### Extracted material
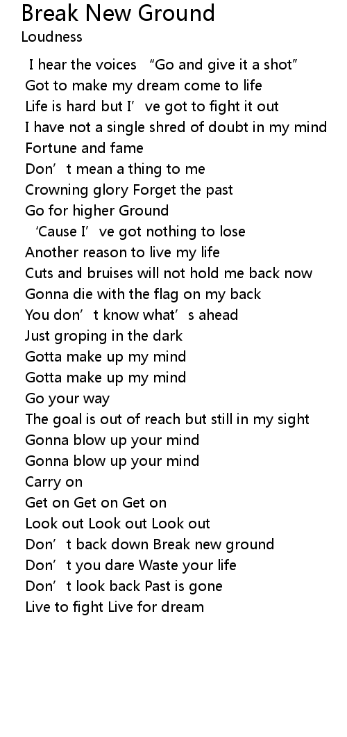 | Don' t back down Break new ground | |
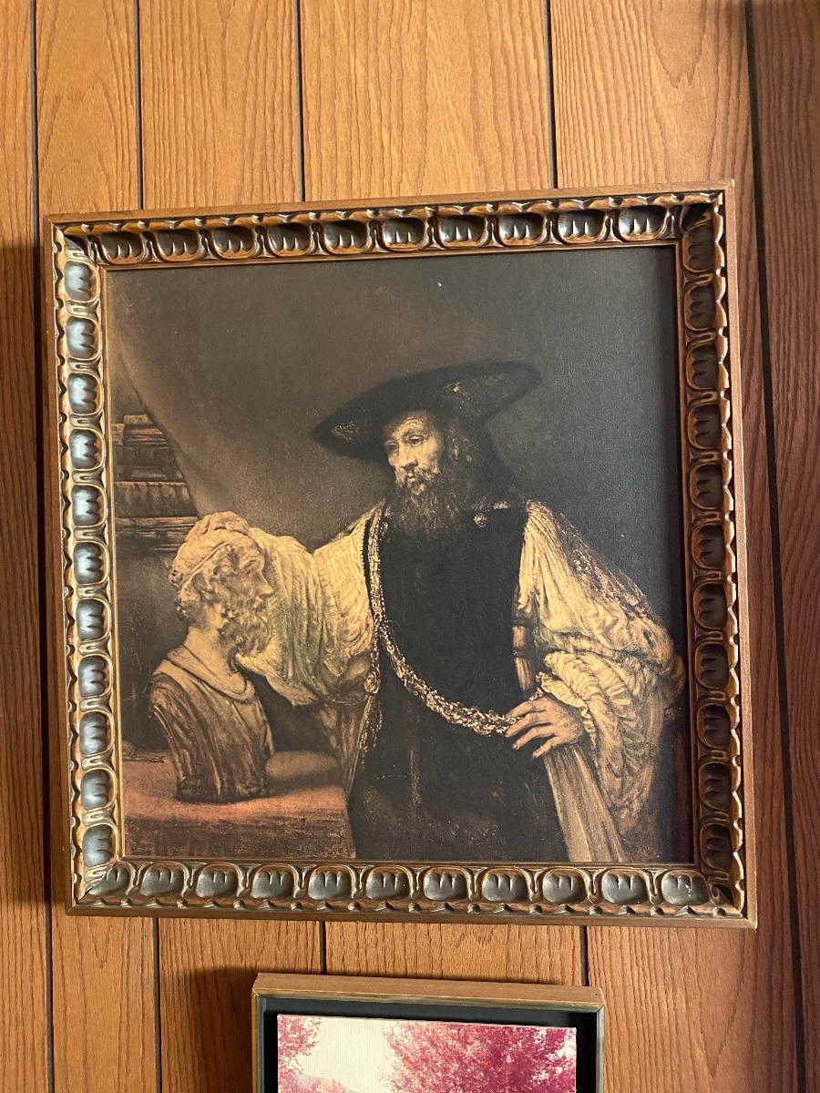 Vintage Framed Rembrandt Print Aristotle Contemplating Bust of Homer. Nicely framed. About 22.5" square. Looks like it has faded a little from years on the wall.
---
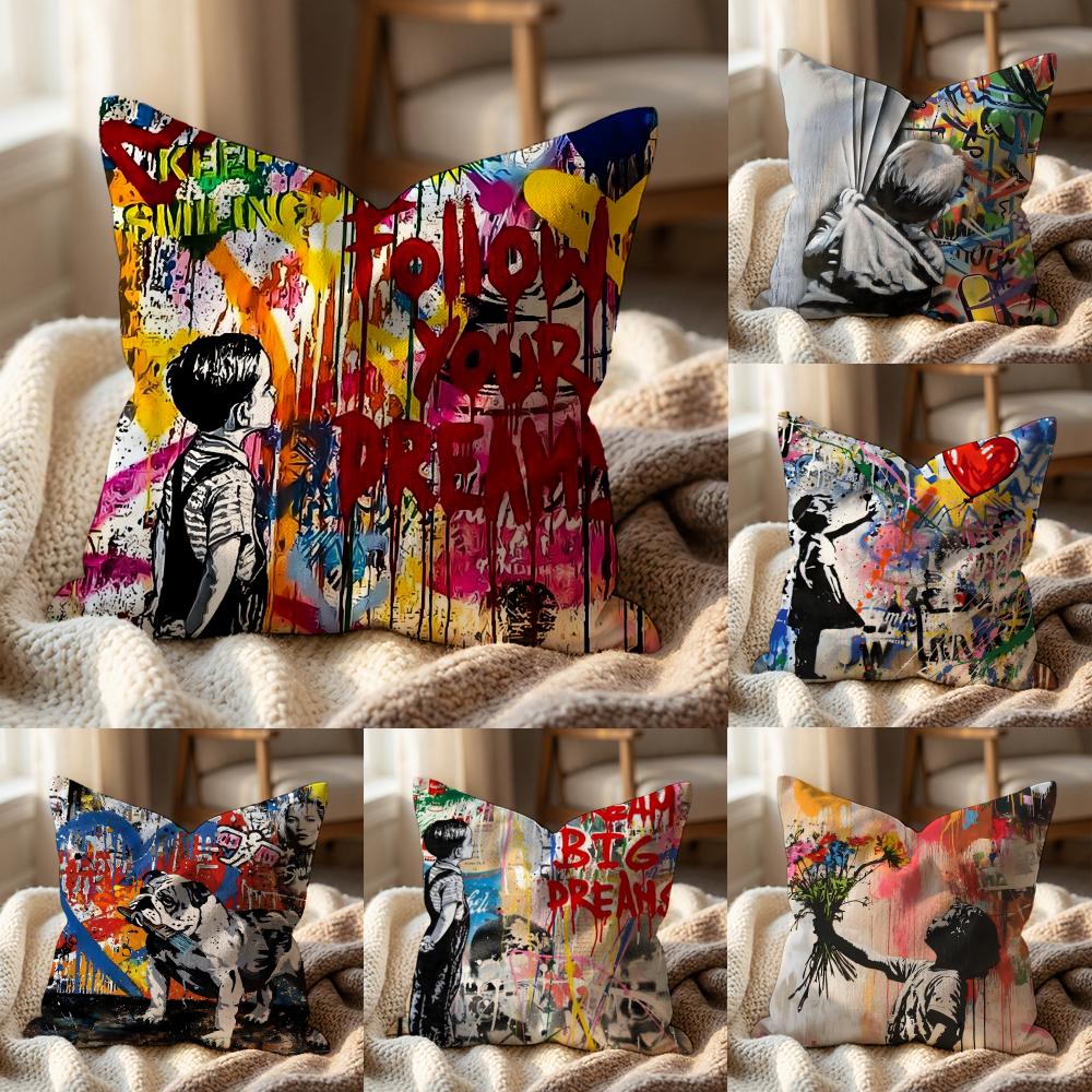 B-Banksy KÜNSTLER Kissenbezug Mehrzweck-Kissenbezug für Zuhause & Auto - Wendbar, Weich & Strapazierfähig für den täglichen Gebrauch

### Requirement
From the entries above, copy exactly the lines starting at the one with "new ground | |" and stopping at the one with "Vintage Framed Rembrandt", keeping both ends. Drop the pictures.

### Response to this task
 | Don' t back down Break new ground | |
 Vintage Framed Rembrandt Print Aristotle Contemplating Bust of Homer. Nicely framed. About 22.5" square. Looks like it has faded a little from years on the wall.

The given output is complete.